We have 21(y-2) is congruent to 1(y-2) which is just y-2, so one way to proceed is to choose y' congruent to y (mod 10) such that y' is in the set {2,...,11}, then the units digit is y' - 2. Another way is to take the common residue of y, call it for example z, then if z < 2 take z+8, otherwise take z-2. (That is assuming y greater than or equal to 2.)

Additional note: To formalise Soroban's post, we have $6^2 \equiv 6 \pmod{10}$ so the last digit must be 6; this is a bit faster and simpler than what I recommended, but either way with experience you can get the answer in not more than a few seconds.

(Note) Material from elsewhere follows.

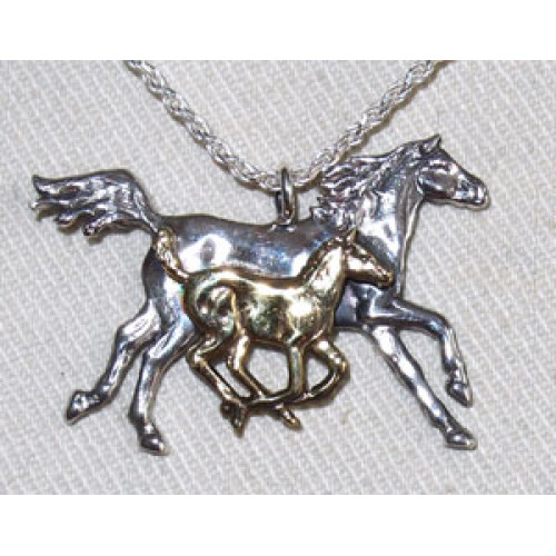 Ljuvligt hänge med sto och föl som galopperar sida vid sida, båda i sterling silver. Själva hänget är ca 40 mm brett och 28 mm hög. Hänget har en stel ögla för enkel montering på en halskedja.
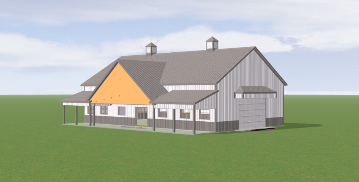 can you make this look more realistic as if taken through a camera add some rural trees in the background and a concrete driveway to the overhead door add a timber framed decorative truss in the front gable porch

9. Originally Posted by sfspitfire23
Why mod 10 though?

Notice that every positive integer $N$can be represented uniquely in the follwing way: $N=c_n10^n+c_{n-1}10^{n-1}+\cdots +c_110^1+c_0$, where $0\leq c_i< 10$ ( $i=0,1,...,n$) and $c_n\neq 0$. Here, the $c_i$ are called the digits, and the expansion $c_n10^n+c_{n-1}10^{n-1}+\cdots +c_110^1+c_0$ is written as $c_nc_{n-1}... c_1c_0$ in short.

For example, $531=5\cdot10^2+3\cdot10+1$.

Because $c_i10^i\equiv 0(mod\ 10)$ for $i>0$, we have $N\equiv c_0(mod\ 10)$. This means that if you compute a positive integer modulo 10 and take the least nonnegative residue you find the last digit, $c_0$.

10. Originally Posted by melese
Notice that every positive integer $N$can be represented uniquely in the follwing way: $N=c_n10^n+c_{n-1}10^{n-1}+\cdots +c_110^1+c_0$, where $0\leq c_i< 10$ ( $i=0,1,...,n$) and $c_n\neq 0$. Here, the $c_i$ are called the digits, and the expansion $c_n10^n+c_{n-1}10^{n-1}+\cdots +c_110^1+c_0$ is written as $c_nc_{n-1}... c_1c_0$ in short.
For example, $531=5\cdot10^2+3\cdot10+1$.
Because $c_i10^i\equiv 0(mod\ 10)$ for $i>0$, we have $N\equiv c_0(mod\ 10)$. This means that if you compute a positive integer modulo 10 and take the least nonnegative residue you find the last digit, $c_0$.